» Your instructions
Output the data unchanged and complete, minus the images.

» Information shown
· · · · · · ·

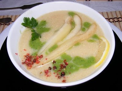 6. A levest egy botmixerrel pürésítjük. Ha szükséges még sózzuk és hozzáadunk 1 evőkanál citromlevet is. A zöldpetrezselymet vagy hozzáadjuk a leveshez és szintén beletörjük, vagy egy kevés folyadékkal együtt összepürésítjük és tálaláskor a leves tetejére tesszük. Mi az utóbbit tettük.
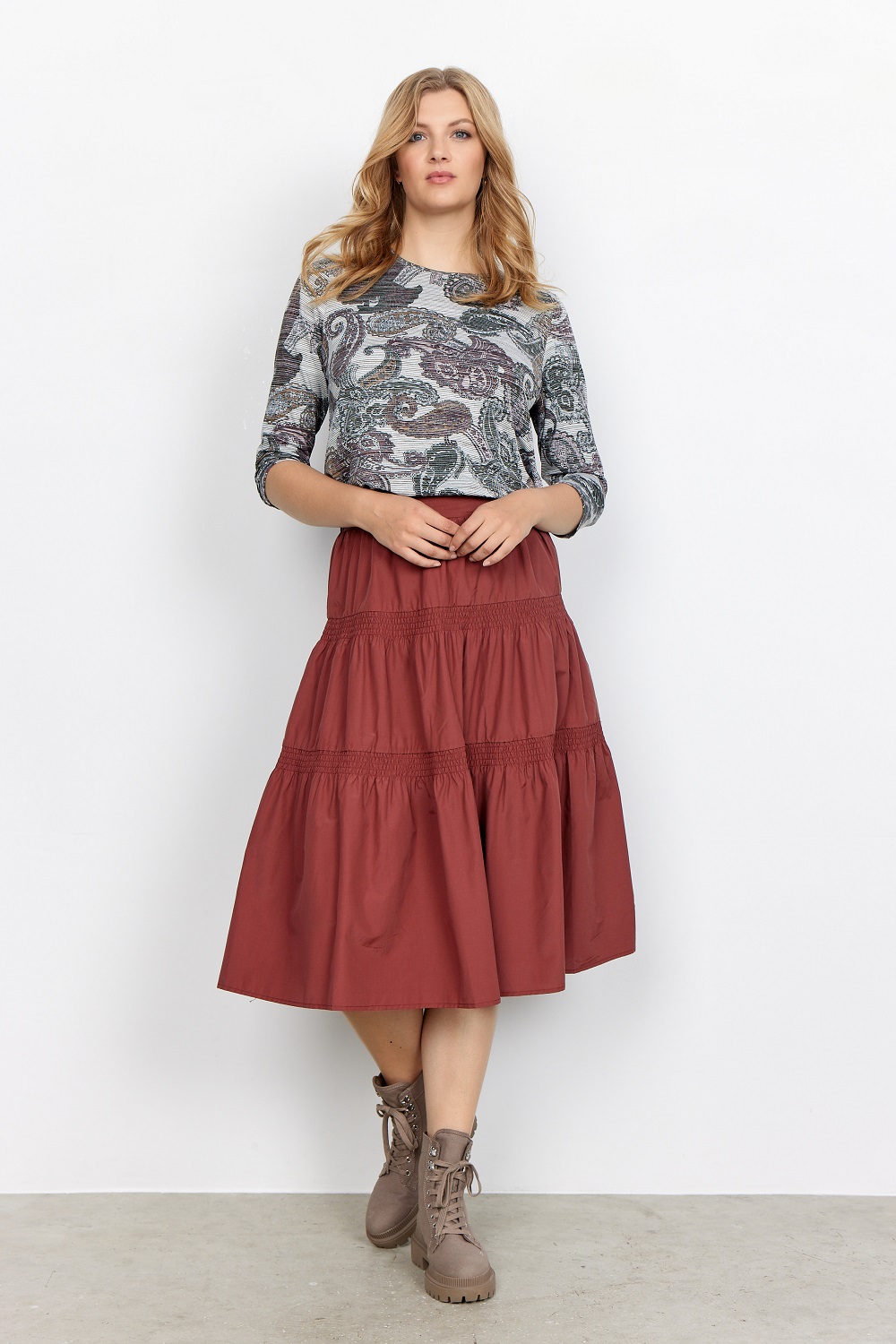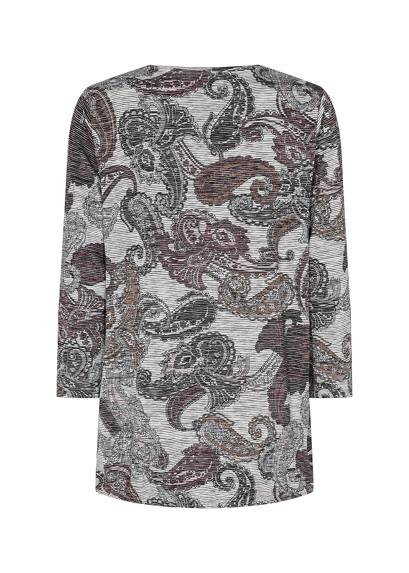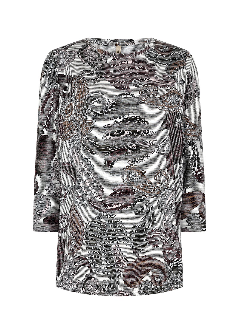 GALINA 21 on viskoosi ja polüestri segu kangast särk. Särgil on ovaalne kaelus, 3/4 pikkusega varrukad ja elegantne mustriline trükk.
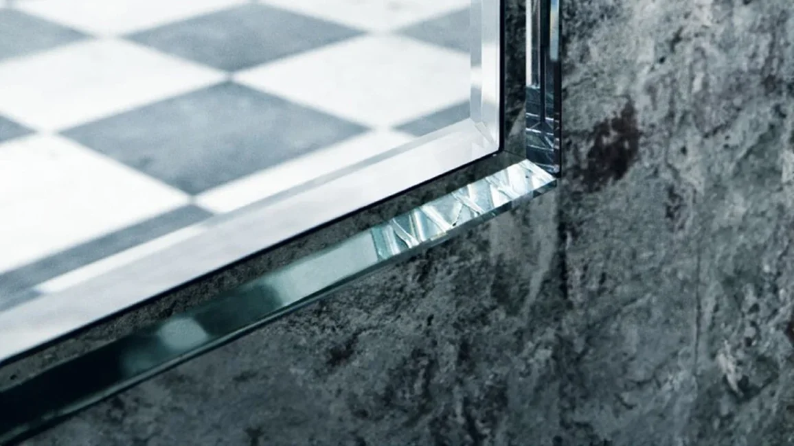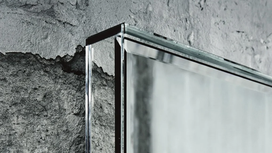 Mirrors available in rectangular and octagonal shapes, embellished by a frame in silver-plated transparent extralight glass 12 mm, decorated with shiny chamfers and facets.

· · · · · · ·

» Solved exercise
 6. A levest egy botmixerrel pürésítjük. Ha szükséges még sózzuk és hozzáadunk 1 evőkanál citromlevet is. A zöldpetrezselymet vagy hozzáadjuk a leveshez és szintén beletörjük, vagy egy kevés folyadékkal együtt összepürésítjük és tálaláskor a leves tetejére tesszük. Mi az utóbbit tettük.
 GALINA 21 on viskoosi ja polüestri segu kangast särk. Särgil on ovaalne kaelus, 3/4 pikkusega varrukad ja elegantne mustriline trükk.
 Mirrors available in rectangular and octagonal shapes, embellished by a frame in silver-plated transparent extralight glass 12 mm, decorated with shiny chamfers and facets.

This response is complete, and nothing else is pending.